La falta de una democracia representativa legítima, basada en el juego electoral de recambios periódicos, de debate político y de gestión conjunta entre quienes gobiernan y quienes se oponen es una de las mayores dificultades del sistema político argentino y un peligroso camino que nos puede conducir al desastre.
Hasta la próxima.
domingo, 17 de agosto de 2014
Los pibes chorros.
Desde hace mucho tiempo la sociedad se siente conmovida por la inseguridad. Es un tema que viene de lejos, tan lejos como la sociedad de clases.
La existencia del delito esta intrínsecamente ligada a la división de la sociedad en clases poseedoras y clases desposeídas.
Cuando uno escucha en la televisión un reportaje a un joven que se define como un pibe chorro y presta atención a la profundidad de su pensamiento, no puede menos que admirarse de como ese joven, que tiene poco recorrido por el sistema educativo formal, puede enunciar tan claramente la problemática de los marginados sociales.
El joven dice, “un pibe chorro cuando sale a robar sale a recuperar lo que el porvenir le va a negar siempre”, e inmediatamente agrega, los pibes chorros no sienten que están robando, sus códigos morales son diferentes.
Pensemos en un joven que cuando camina por las calles la gente lo esquiva como a ropa con piojos por ser “negrito” que en un país que como Argentina, donde no hay negros, tiene tal condición el que tiene la piel un poco más oscurita que el resto, o se viste con un look particular, vaqueros buzo con capucha y gorrita, lo cual hace que lo denominen como “gorrita”, que en la etimología de la clase media refiere al que sale a robar, el enemigo.
Ese “gorrita” como dicen las señoras gordas que se sientan a tomar el té en la calle Florida, es alguien a quien el sistema le robó el futuro, lo despojó hasta de la más remota ilusión de tener una vida decorosa, donde pueda disfrutar de todo lo que la ciencia y la tecnología ha creado para el hombre y que la publicidad inunda el psiquismo con sus anuncios permanentes tales como “si querés tener un estilo de vida (burgués y opulento) debes tomar Gancia.
Ese pibe chorro ha sido condenado mucho antes que la justicia de su fallo, y la condena es anterior a su nacimiento, y es una condena despiadada que lo envía de por vida a estar sumergido en la miseria y el abandono de una villa de emergencia, en una casa hecha con chapas o cartones, sufriendo frio en invierno y terribles calores en el verano.
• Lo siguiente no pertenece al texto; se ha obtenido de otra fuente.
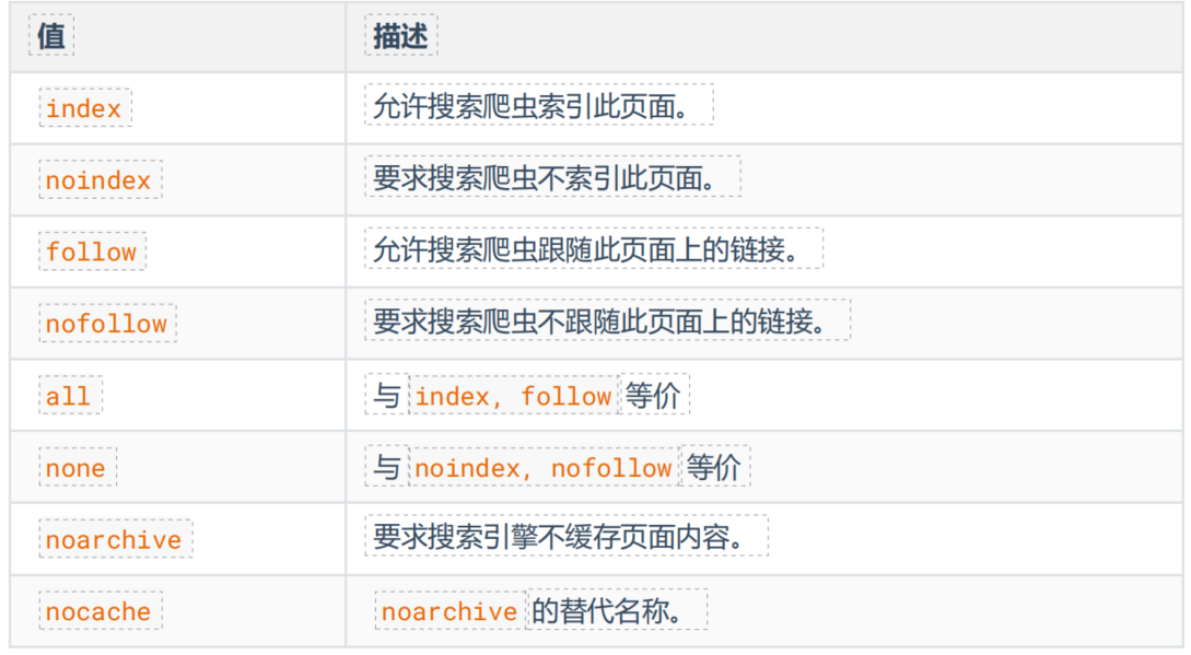 <meta name="robots" content="此处可选值见下表">
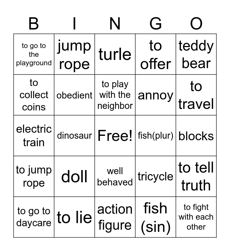 This bingo card has a free space and 24 words: doll, to lie, to play with the neighbor, to go to daycare, teddy bear, to go to the playground, to collect coins, jump rope, fish(plur), well behaved, annoy, electric train, tricycle, to tell truth, obedient, fish (sin), blocks, turle, to travel, dinosaur, to fight with each other, to jump rope, to offer and action figure.
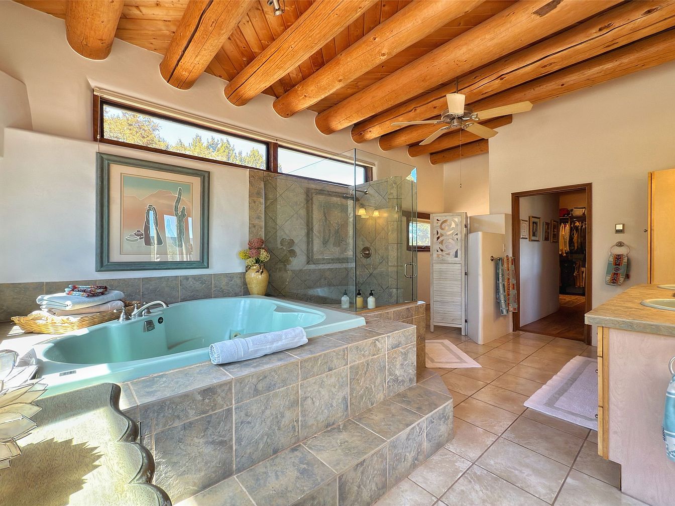 This spacious master bathroom features a sunken jacuzzi tub with surrounding stone tiles that create a relaxing nook. Adjacent is a glass-enclosed walk-in shower with matching tile and modern fixtures. The room highlights exposed, rustic wooden beam ceilings adding warmth and charm, complimented by neutral beige walls and earth-toned floor tiles. Large horizontal windows let in natural light, brightening the space while maintaining privacy. Double sinks on a wooden vanity provide ample counter space. Thoughtful decor includes a Southwestern-themed framed artwork and colorful textiles, harmonizing rustic and contemporary elements for an inviting atmosphere.
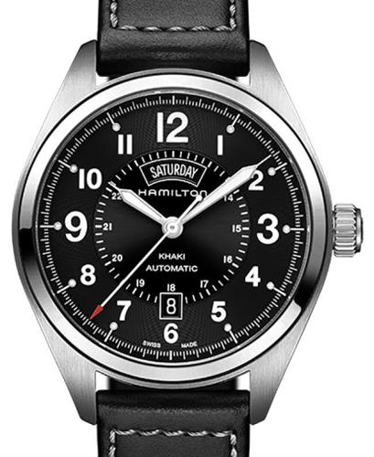 Hamilton Khaki Field Automatic wrist watch model H70505733 from Hamilton Khaki Collection. Self-winding mechanical Swiss ETA movement, day/date calendar, black vintage look dial with luminous hands and Arabic numerals, exhibition case back, black leather watch strap.
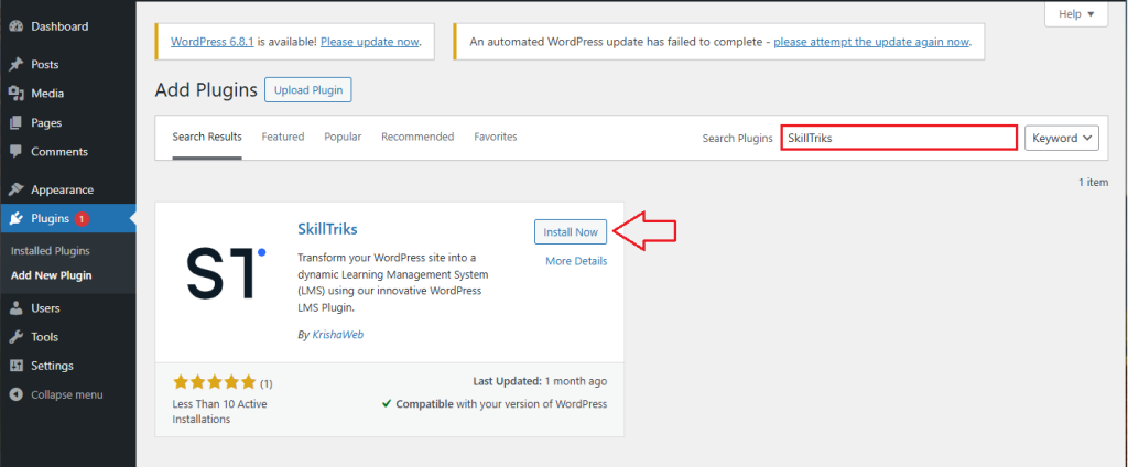- Click on Plugins, and then Add New Plugin, and in the search box, type SkillTriks
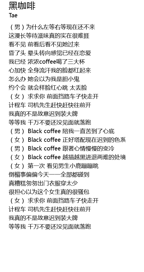 | [02:38.879] | nǚ Black coffee zhèng hǎo tǎ pèi xiàn zài chí dào de sè xì |
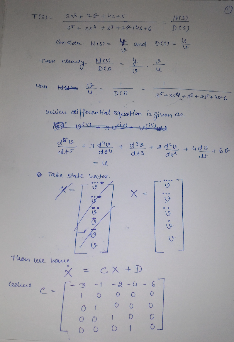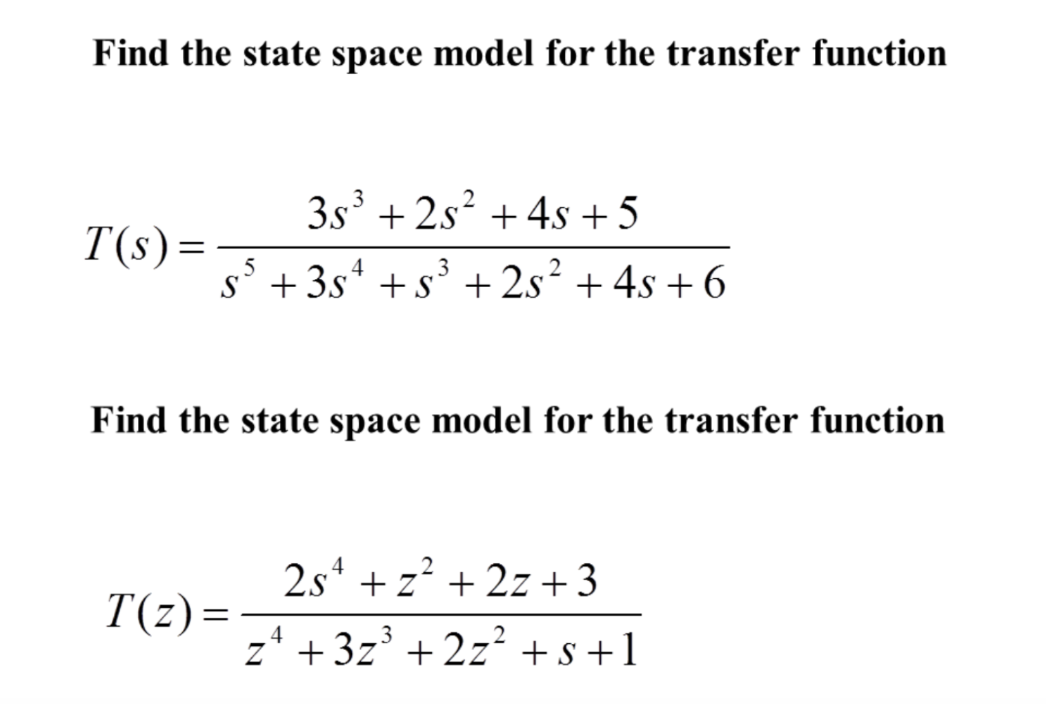 Find the state space model for the transfer function 3s3 + 2s2 +4s...
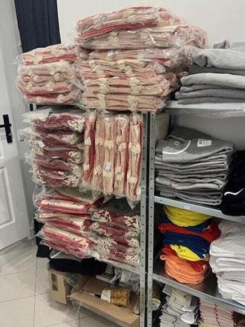 STOCK of around 450 items of women's/men's/children's ready-to-wear clothing including: T-shirts, sweatshirts, hats, chokers from XS to XXL for adults and children aged 6 to 14.

Es ese mismo sujeto que el taxista nos dice “estos tipos están como están porque son vagos, no les gusta trabajar, el gobierno les regala todo, se cuelgan de la luz, no pagan el agua, no pagan impuestos y tienen LCD y equipos de música en sus ranchos”, claro que cuando le preguntamos al taxista, y porque no te vas a vivir vos a una villa si es tan lindo, levanta la música y se va por la tangente del silencio.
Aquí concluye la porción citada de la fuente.